(EXERCISE INPUT Opens)
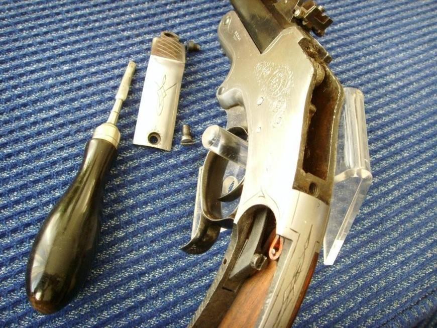 Almost thirty years later, in the 1922 Steigleder sales catalogue, this gun was shown as having double set triggers but without the added 'Swiss' adjustable target sight that is present on the gun in the photo.
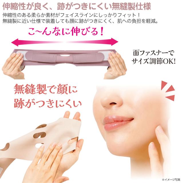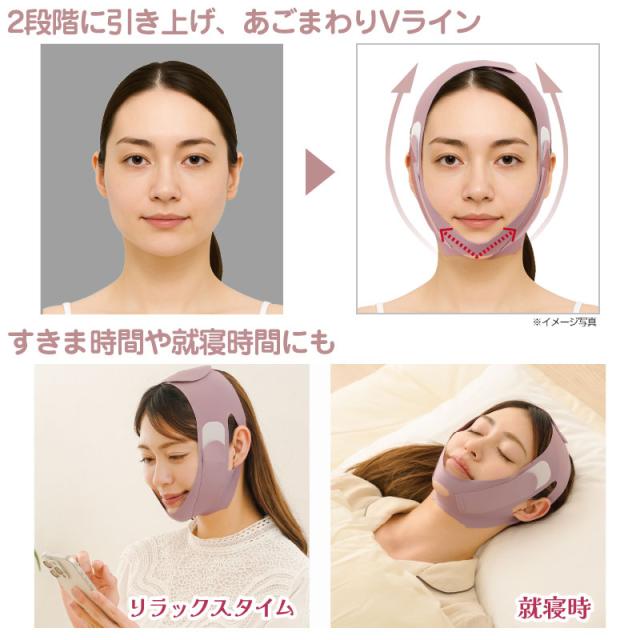 頬やあご下のたるみを包み込むようにサポートし、シャープなVラインを目指せます。
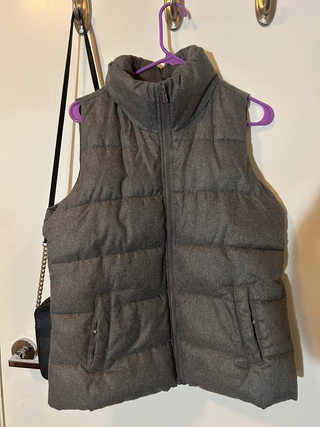 Selling a gently used Old Navy puffer vest in a neutral grey colour! It's a size small and in great condition.
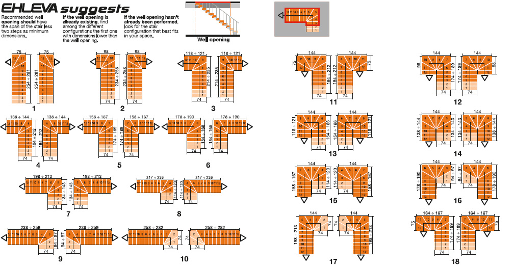 *The configurations available on the Stilo Modular Staircase are designed to satisfy most European regulations. However, please check with your local Building Control that your chosen configuration is acceptable to them. The balustrading on the Stilo Modular Stair Kit should comply with the 100mm gap rule. Please contact us if you would like further advice. You’ll find more information on the Technical Tab.
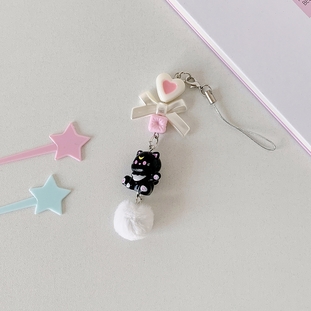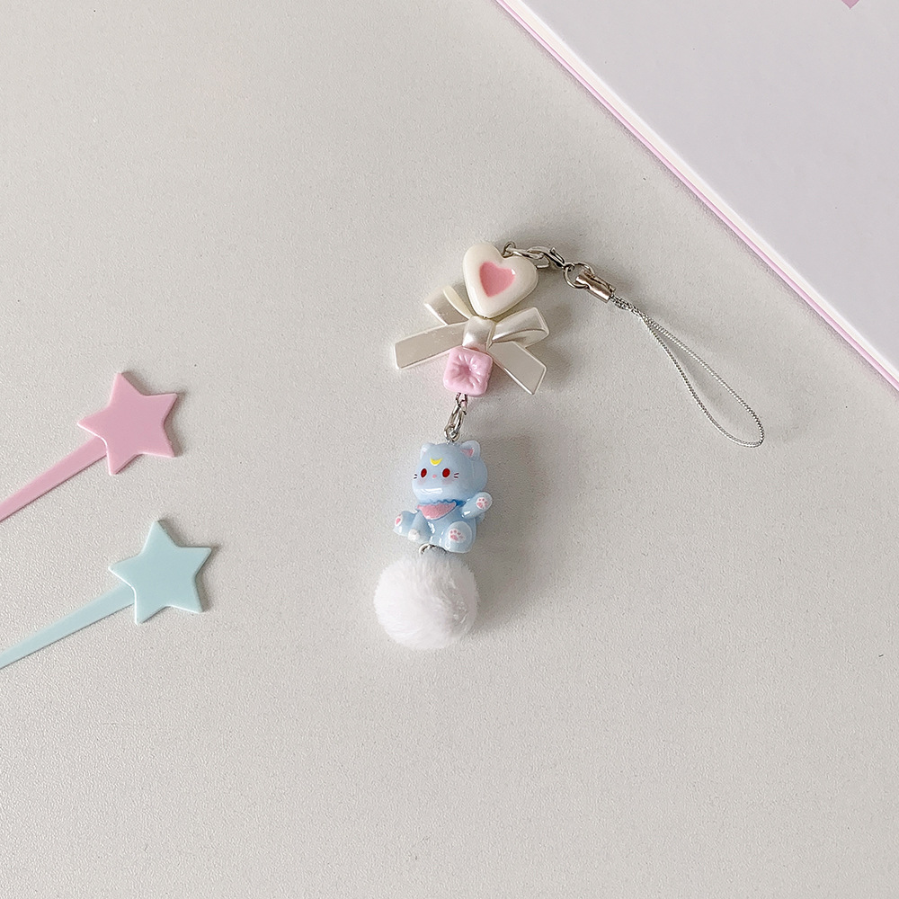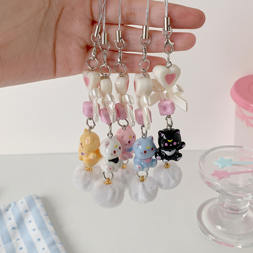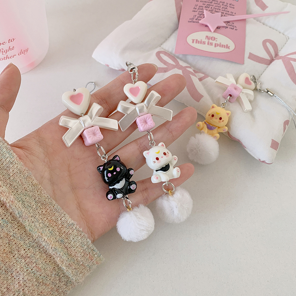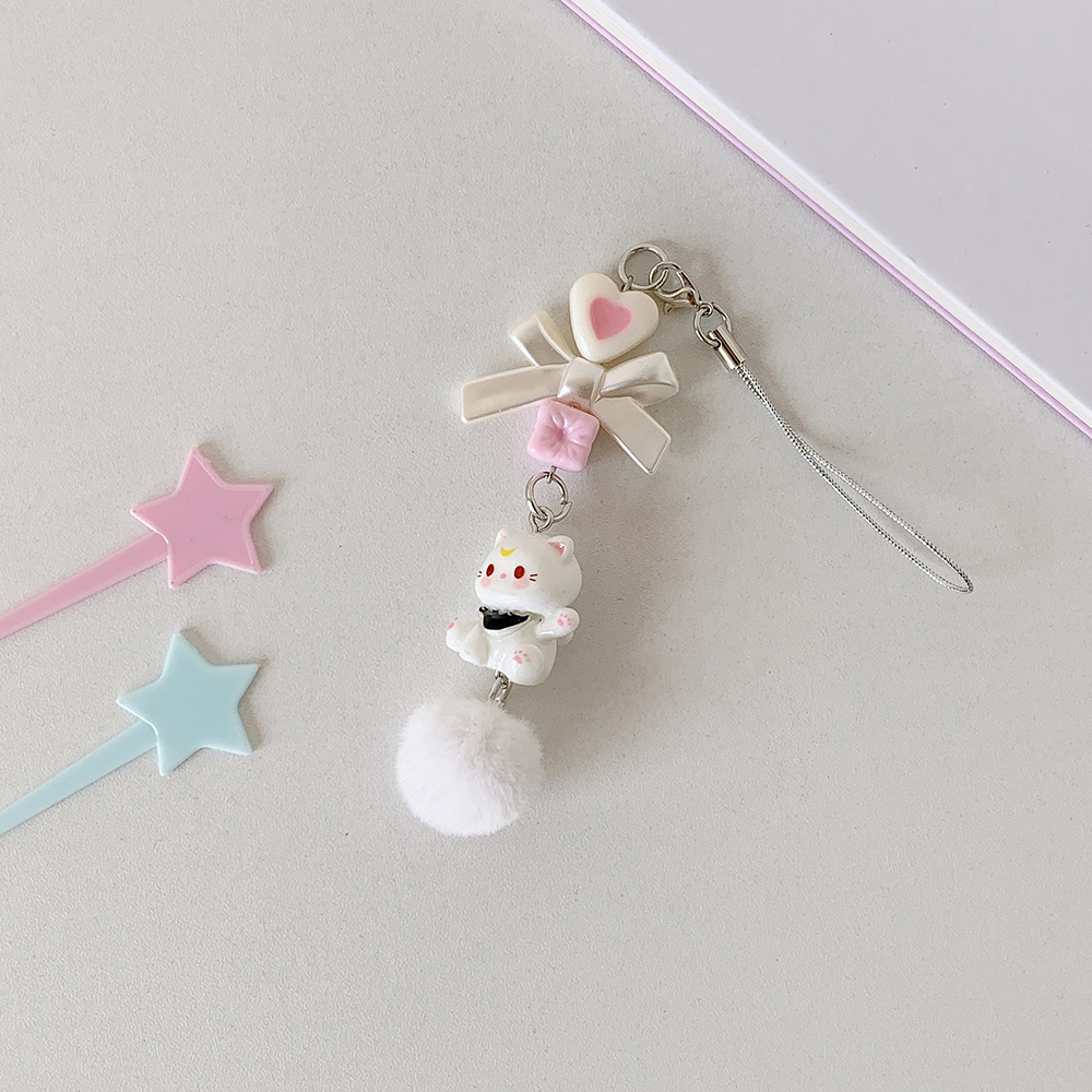 Ins 귀여운 행운의 고양이 모피 공 작은 펜던트 절묘한 활 휴대 전화 체인 키 체인 장식용 펜던트 교수형 체인 여성용
(EXERCISE INPUT Closes)
PROMPT:
The answer must restate every entry word for word, with the pictures left out.

YOUR SOLUTION:
 Almost thirty years later, in the 1922 Steigleder sales catalogue, this gun was shown as having double set triggers but without the added 'Swiss' adjustable target sight that is present on the gun in the photo.
 頬やあご下のたるみを包み込むようにサポートし、シャープなVラインを目指せます。
 Selling a gently used Old Navy puffer vest in a neutral grey colour! It's a size small and in great condition.
 *The configurations available on the Stilo Modular Staircase are designed to satisfy most European regulations. However, please check with your local Building Control that your chosen configuration is acceptable to them. The balustrading on the Stilo Modular Stair Kit should comply with the 100mm gap rule. Please contact us if you would like further advice. You’ll find more information on the Technical Tab.
 Ins 귀여운 행운의 고양이 모피 공 작은 펜던트 절묘한 활 휴대 전화 체인 키 체인 장식용 펜던트 교수형 체인 여성용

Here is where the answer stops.